The FCA’s product governance rules come into force on 1 October and some insurance firms are not ready 

Global network for professional firms, KPMG has warned that there could be an “uneven playing field” in insurance ahead of the introduction of the FCA’s product governance rules on 1 October.

This is because some firms are more stringent than others in their definition of “good value,” according to KPMG UK’s director, James Hillon.

These product governance remedies aim to ensure that insurance firms are delivering “fair value” to customers in home and motor. 

Come Friday 1 October 2021, general insurance firms, intermediaries and trade bodies representing them will need to ensure they have implemented systems and controls, as well as having product governance frameworks up and running to assess whether insurance products deliver “fair value” for customers.

There is an additional 12-month period for appraising individual products.

Hillon said: “Insurance firms are just days away from a step change in how they demonstrate that their products offer customers good value.
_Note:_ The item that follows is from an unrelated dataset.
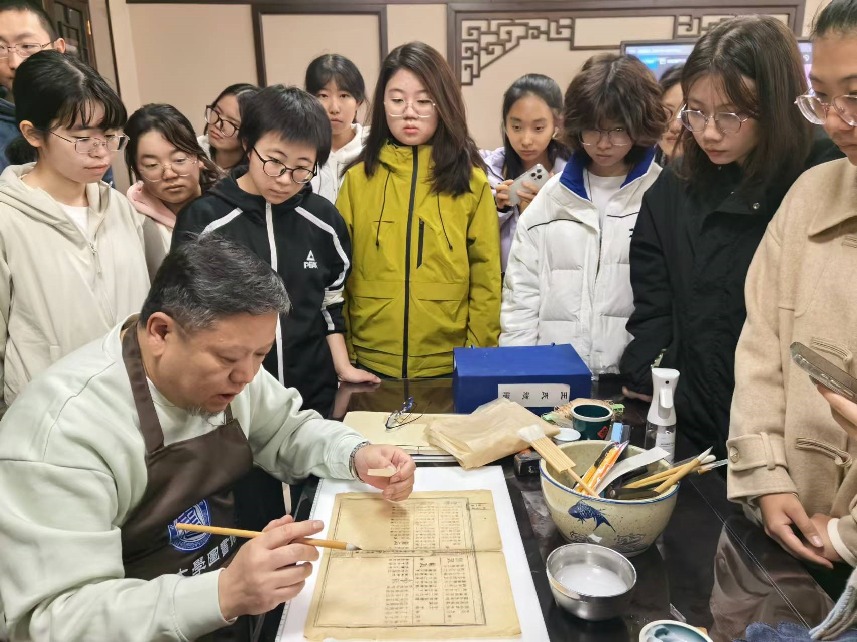 中心图书馆六楼古籍修复中心进行古籍档案修复实践活动。本次活动吸引了60余名学生参加,P站

This first FCA deadline marks a significant milestone in the leap towards a more customer-centric industry.”

Starting point, not the finish line

The regulator initially split the pricing reforms across two deadlines – 1 October 2021 and January 2022 due to insurance industry concern around the four-month implementation period.

In addition to these rules, pricing model changes and auto-renewal remedies designed to prevent price walking practices and easier opting out methods at renewal must be in place by 1 January 2022, alongside the ability to adhere to additional reporting requirements.
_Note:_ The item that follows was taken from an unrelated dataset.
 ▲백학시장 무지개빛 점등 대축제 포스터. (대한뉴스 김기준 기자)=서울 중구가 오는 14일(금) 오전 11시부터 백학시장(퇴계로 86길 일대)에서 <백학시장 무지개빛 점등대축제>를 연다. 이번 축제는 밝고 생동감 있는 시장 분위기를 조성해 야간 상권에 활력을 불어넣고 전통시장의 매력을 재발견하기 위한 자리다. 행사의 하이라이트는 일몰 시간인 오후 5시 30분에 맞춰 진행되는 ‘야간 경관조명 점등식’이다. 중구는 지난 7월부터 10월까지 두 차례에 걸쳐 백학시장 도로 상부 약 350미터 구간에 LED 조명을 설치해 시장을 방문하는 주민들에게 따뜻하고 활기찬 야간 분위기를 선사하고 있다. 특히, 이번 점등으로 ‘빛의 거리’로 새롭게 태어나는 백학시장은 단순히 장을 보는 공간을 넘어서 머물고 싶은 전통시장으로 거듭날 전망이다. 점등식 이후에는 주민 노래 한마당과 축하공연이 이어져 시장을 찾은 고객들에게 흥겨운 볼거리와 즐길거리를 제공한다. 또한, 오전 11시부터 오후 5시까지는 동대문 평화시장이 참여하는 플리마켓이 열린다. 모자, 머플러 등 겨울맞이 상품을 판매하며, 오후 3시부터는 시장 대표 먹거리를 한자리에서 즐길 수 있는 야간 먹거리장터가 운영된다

On 25 August the FCA sent out a warning to insurance firms about the impending deadline for its product governance rules, following the publication of a review that suggested that some firms are not ready.
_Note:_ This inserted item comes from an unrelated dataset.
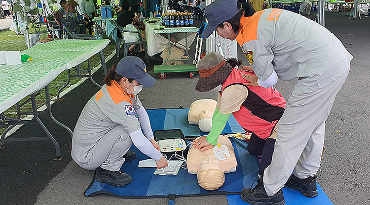 제주동부소방서 성산여성의용소방대(대장 홍재영)는 최근 열린 '제2회 조개바당축제'에서 지역주민과 관광객을 대상으로 심폐소생술과 자동제세동기(AED) 사용법을 설명하는 생활안전교육을 실시했다.

The review looked at how insurance firms designed, sold and reviewed their products to meet the customer’s needs.

It found that while some firms had made good progress in meeting the FCA’s existing rules and guidance, too many firms are not fully meeting the FCA’s standards.

The review found the following weaknesses:

  • Insufficient focus on customers, outcomes, and product value, including when considering value in the context of Covid-19.
  • Shortcomings in governance and oversight of products.

Sheldon Mills, executive director for supervision, policy and competition at the FCA, said: “These firms have significant work to do urgently to be able to comply with the enhanced product governance rules. Firms that fail to do that work risk regulatory action.”

Hillon continued: “The fact the FCA felt it necessary to issue a warning signal to firms about their level of readiness indicates that some are in the middle of a sprint finish right now, however, the majority of firms we have come across are making sure and steady progress.

“But 1 October is the starting point and not the finish line. The bumps will come later as we potentially see firms interpret ‘good value’ in different ways.”

Rules concerning premium finance disclosure are also scheduled to come into force from the new year, recently switched from the 1 October deadline.

Hillon added: “This could become even more pronounced when the new rules, in relation to car and home insurance pricing, hit at the end of the year. This is something the FCA will be watching closely.”